Data extracted from a collection:

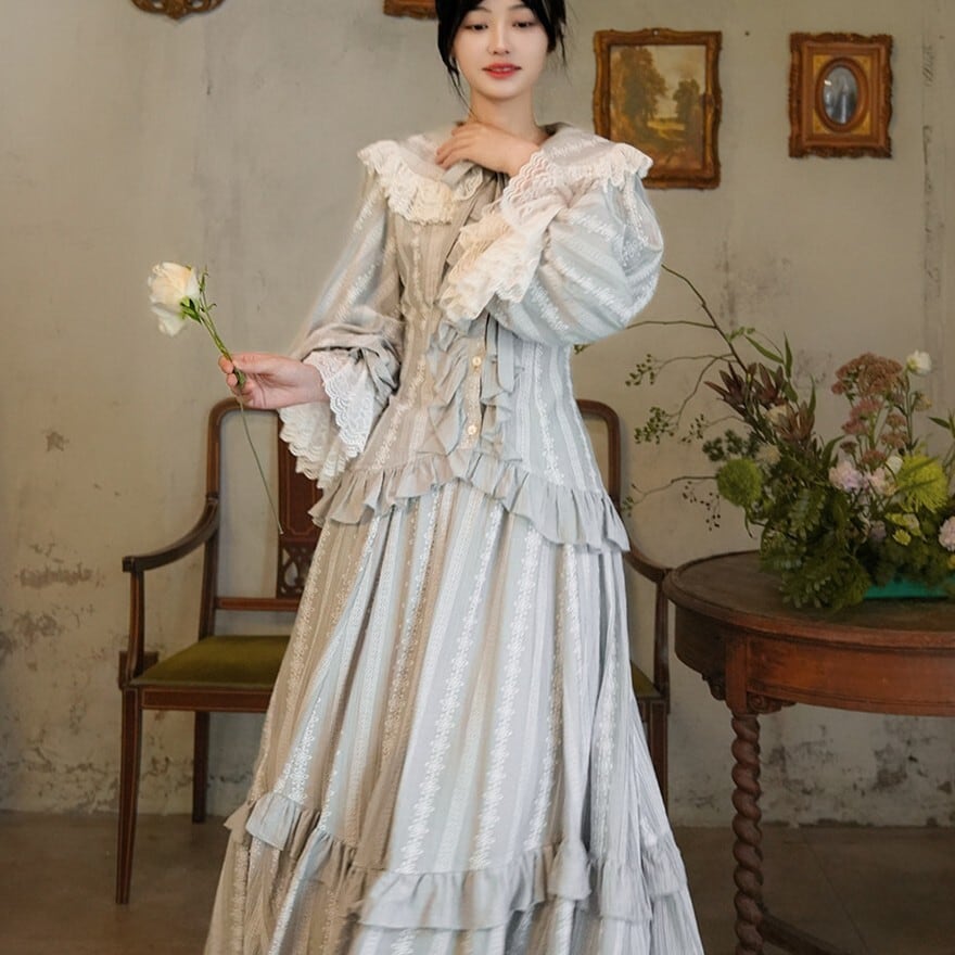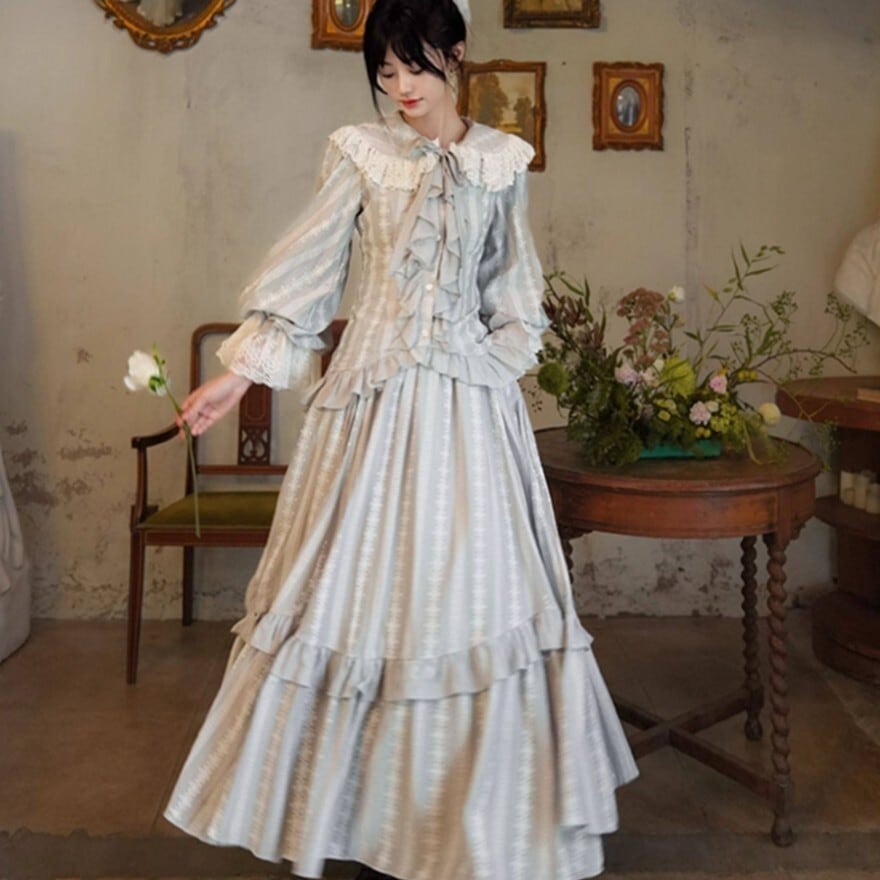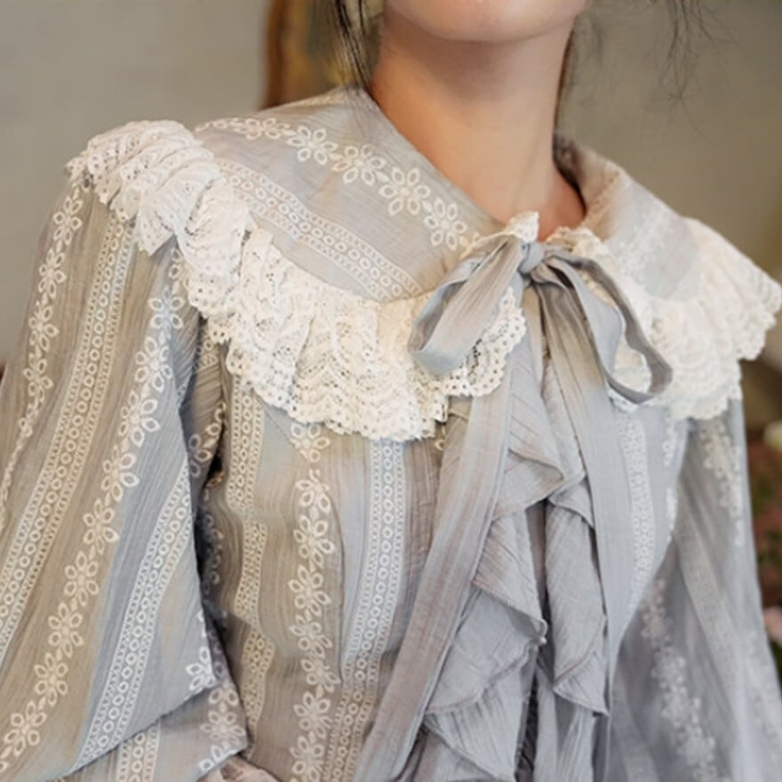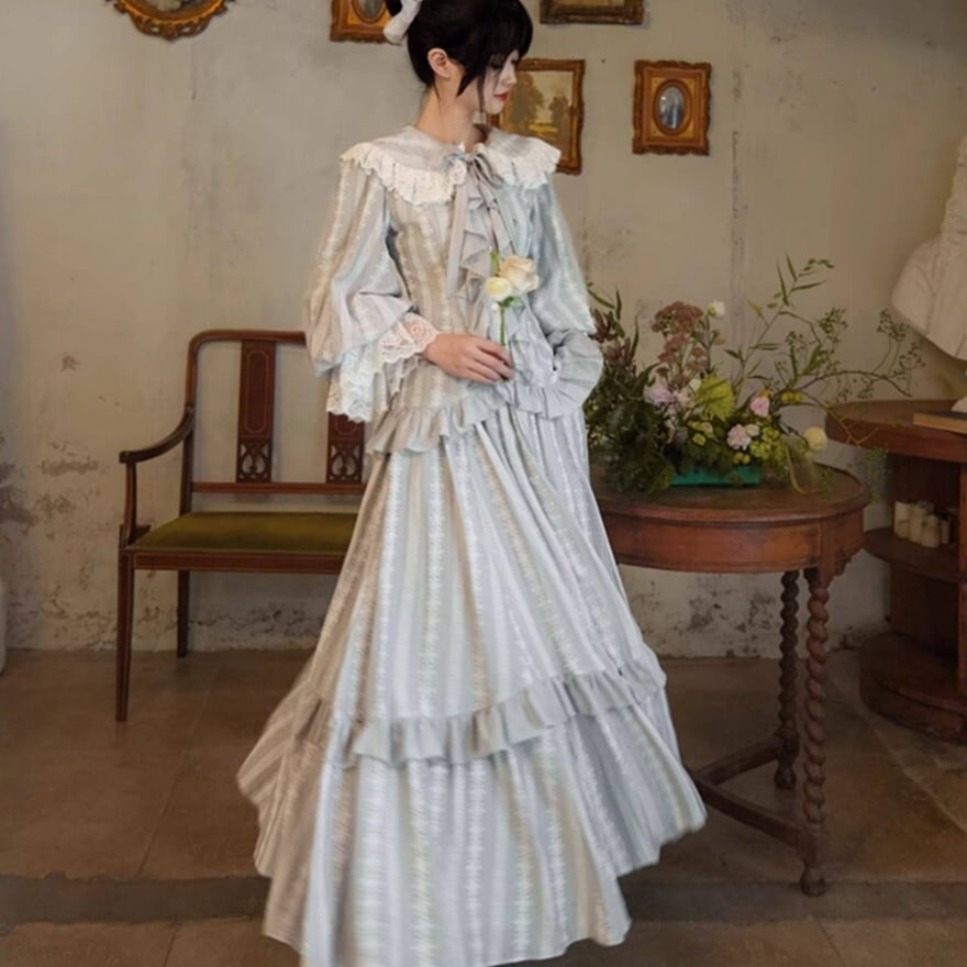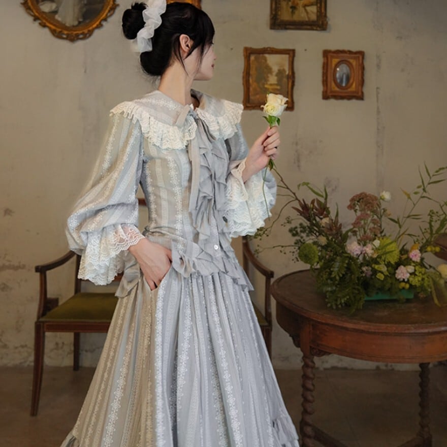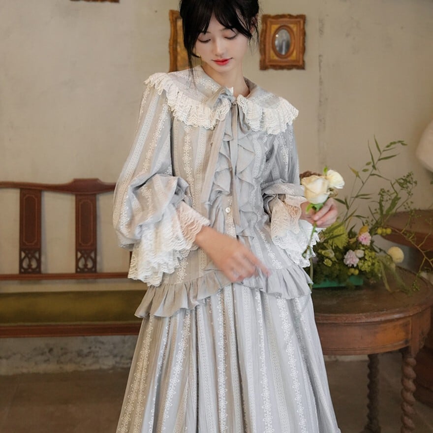 月光のような淡い銀灰色が印象的な、クラシカルロリィタテイストのブラウス+ロングスカートのセットアップ。大きなレース襟と胸元フリル、ウエスト切替の二段フリルが縦のラインを美しく強調します。上品で落ち着いた配色のため、甘さを抑えた優雅な装いを求める方に適した一着です。
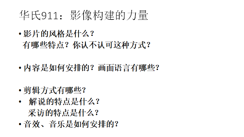 2 对比《America Remembers》和《华氏911》,它们的风格各有什么不同? 《华氏911》如何构建自己的影像的?
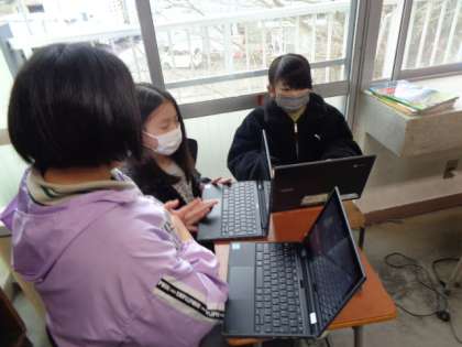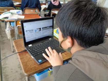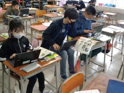 図書室の資料に当たる子、ネット上の情報を検索する子、資料の特徴を生かして作業しています。
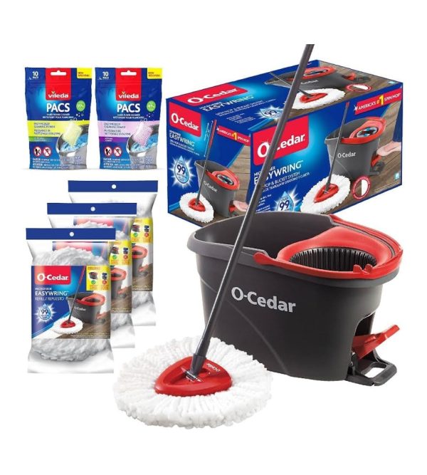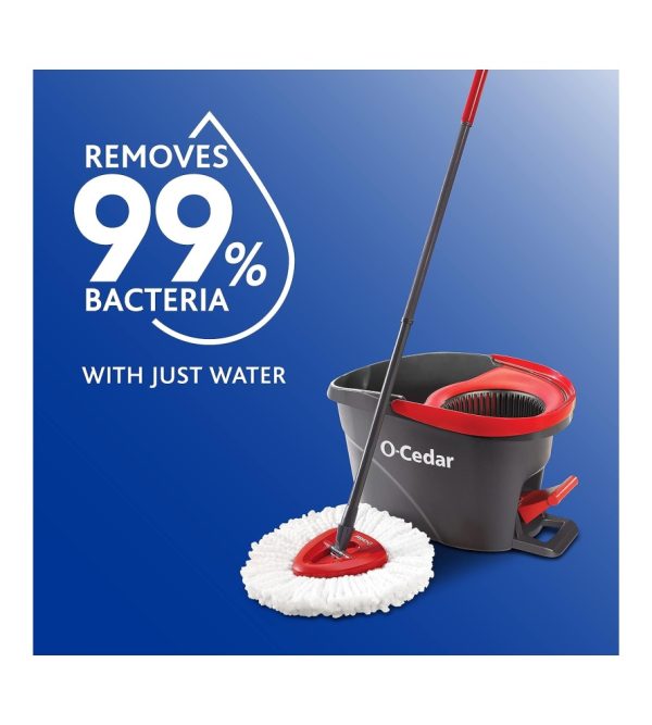 REMOVES OVER 99% OF BACTERIA W/ JUST WATER: O-Cedar’s EasyWring Microfiber Spin Mop & Bucket Floor Cleaning System provides a deep-cleaning solution for all your at home needs by effectively removing dirt, grime and over 99% of bacteria with just water! It is safe on all hard floor surfaces, including finished hardwood, wood, laminate, tile, vinyl, and more.
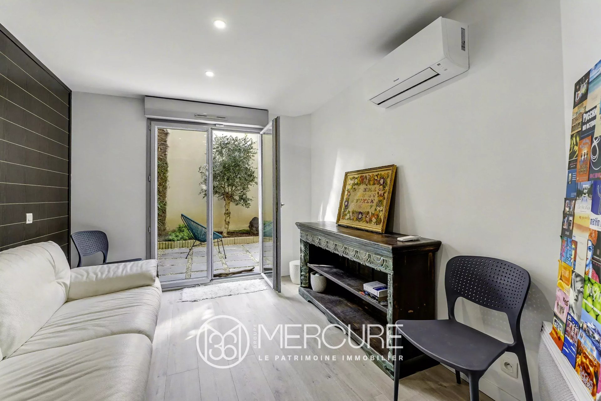 Au rez-de-chaussée, vous trouverez une entrée ainsi qu’une pièce polyvalente pouvant faire office de bureau ou de chambre d’appoint, ouverte sur le jardin, avec salle d’eau et WC attenants.
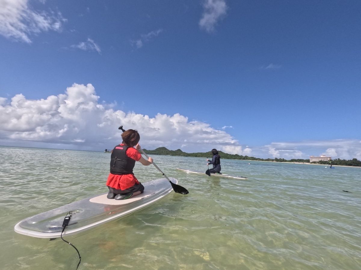 午後のSUP体験も波が穏やかな底地ビーチでのんびり楽しんでいただけて良かったです!美しい海と空、緑に囲まれた景色の中で、気持ちの良い時間を過ごせたようで安心しました🌊🌞
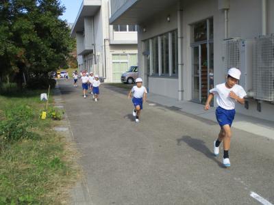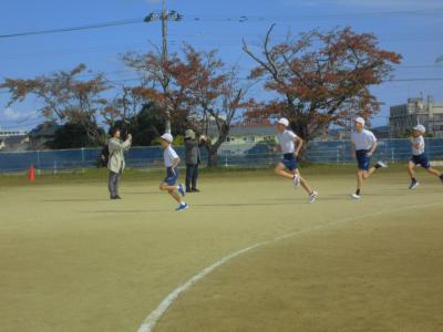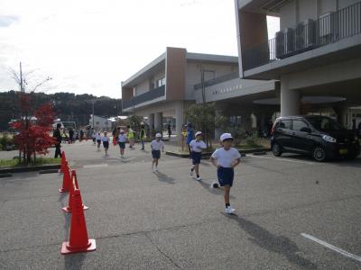 スポーツの秋と言えば、持久走。今年も、御祓地区・西湊地区の民生委員の皆様や育小会の皆様のご協力を得て、学校の周りを走る持久走大会を実施しました。たくさんの保護者の皆様の応援もあり、苦しい顔をしながらも、次々とゴールしていきました。
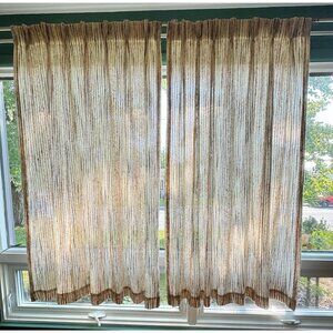 Vintage 70s curtain, thick woven tan and brown panel, pleated, price for 1 pair
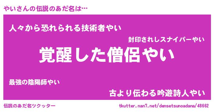| 意味不明あだ名 | 『とにかく怪しいやい』『永久保存やい』 |
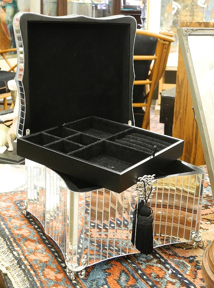 LOT 84 Bombay Co. Mirrored Jewelry Box, 6 7/8"h. Estimate: $50 - $60 Sold For: $35 Auction Date: Tuesday, July 30 2024 at 4:00 PM
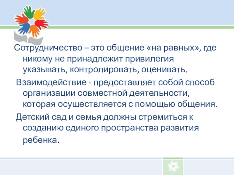 Сотрудничество – это общение «на равных», где никому не принадлежит привилегия указывать, контролировать, оценивать. Взаимодействие - предоставляет
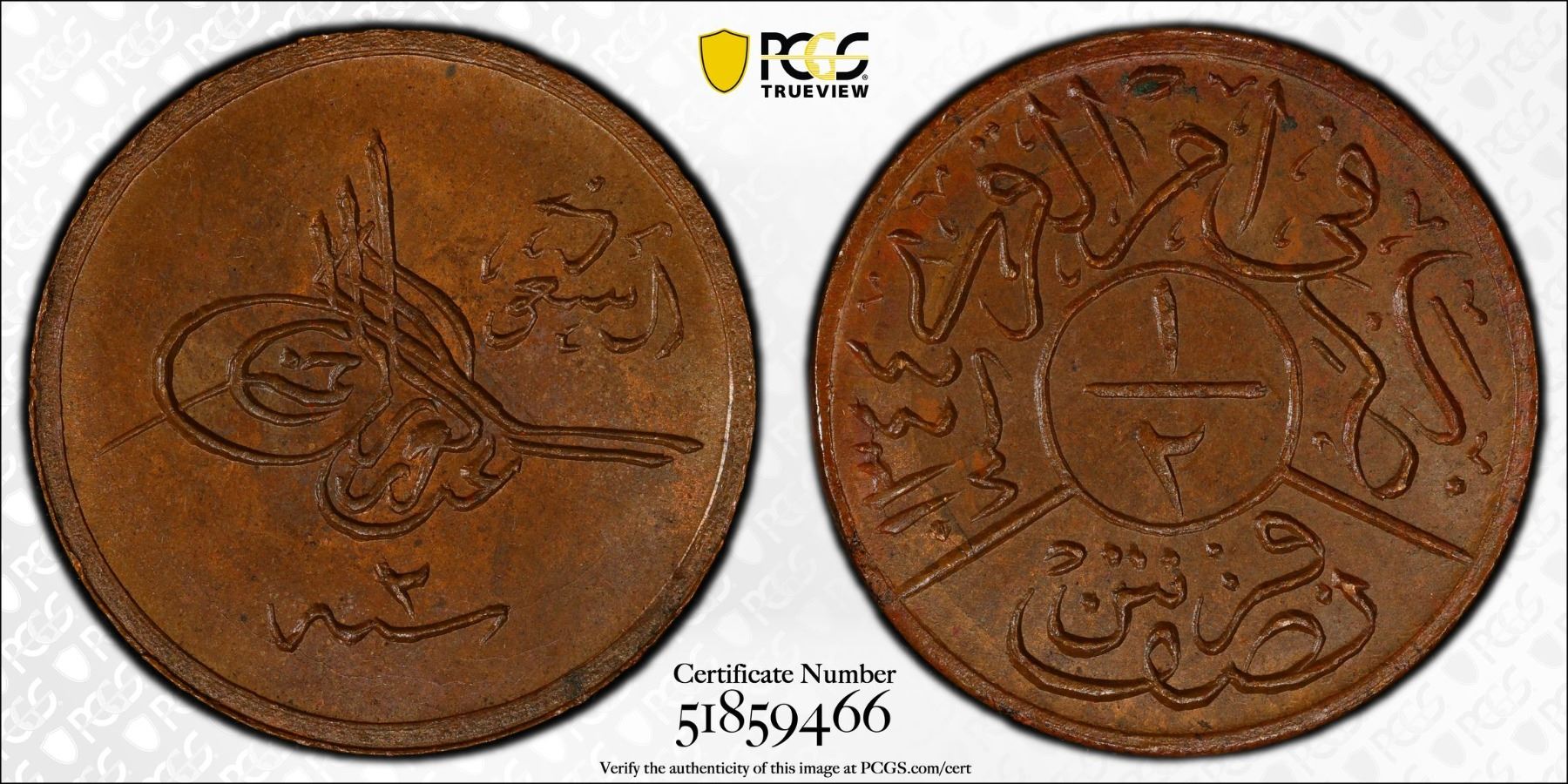 HEJAZ & NEJD: 'Abd al-'Aziz b. Sa'ud, 1924-1926, AE 1/2 ghirsh, Umm al-Qurrâ (Mecca), AH1344 year 2, KM-A3, a wonderful example, PCGS graded MS64 BN, ex Almer H. Orr III Collection. Occupation issue struck during the Kingdom of Nejd conquest of Hejaz. The city of Mecca fell without struggle on October 13, 1924. Struck in Mecca with the mint epithet as Umm al-Qurrâ (Mother of All Villages).

Your task: Make a verbatim copy of all the entries and strip out the pictures.

Reply:
 月光のような淡い銀灰色が印象的な、クラシカルロリィタテイストのブラウス+ロングスカートのセットアップ。大きなレース襟と胸元フリル、ウエスト切替の二段フリルが縦のラインを美しく強調します。上品で落ち着いた配色のため、甘さを抑えた優雅な装いを求める方に適した一着です。
 2 对比《America Remembers》和《华氏911》,它们的风格各有什么不同? 《华氏911》如何构建自己的影像的?
 図書室の資料に当たる子、ネット上の情報を検索する子、資料の特徴を生かして作業しています。
 REMOVES OVER 99% OF BACTERIA W/ JUST WATER: O-Cedar’s EasyWring Microfiber Spin Mop & Bucket Floor Cleaning System provides a deep-cleaning solution for all your at home needs by effectively removing dirt, grime and over 99% of bacteria with just water! It is safe on all hard floor surfaces, including finished hardwood, wood, laminate, tile, vinyl, and more.
 Au rez-de-chaussée, vous trouverez une entrée ainsi qu’une pièce polyvalente pouvant faire office de bureau ou de chambre d’appoint, ouverte sur le jardin, avec salle d’eau et WC attenants.
 午後のSUP体験も波が穏やかな底地ビーチでのんびり楽しんでいただけて良かったです!美しい海と空、緑に囲まれた景色の中で、気持ちの良い時間を過ごせたようで安心しました🌊🌞
 スポーツの秋と言えば、持久走。今年も、御祓地区・西湊地区の民生委員の皆様や育小会の皆様のご協力を得て、学校の周りを走る持久走大会を実施しました。たくさんの保護者の皆様の応援もあり、苦しい顔をしながらも、次々とゴールしていきました。
 Vintage 70s curtain, thick woven tan and brown panel, pleated, price for 1 pair
| 意味不明あだ名 | 『とにかく怪しいやい』『永久保存やい』 |
 LOT 84 Bombay Co. Mirrored Jewelry Box, 6 7/8"h. Estimate: $50 - $60 Sold For: $35 Auction Date: Tuesday, July 30 2024 at 4:00 PM
 Сотрудничество – это общение «на равных», где никому не принадлежит привилегия указывать, контролировать, оценивать. Взаимодействие - предоставляет
 HEJAZ & NEJD: 'Abd al-'Aziz b. Sa'ud, 1924-1926, AE 1/2 ghirsh, Umm al-Qurrâ (Mecca), AH1344 year 2, KM-A3, a wonderful example, PCGS graded MS64 BN, ex Almer H. Orr III Collection. Occupation issue struck during the Kingdom of Nejd conquest of Hejaz. The city of Mecca fell without struggle on October 13, 1924. Struck in Mecca with the mint epithet as Umm al-Qurrâ (Mother of All Villages).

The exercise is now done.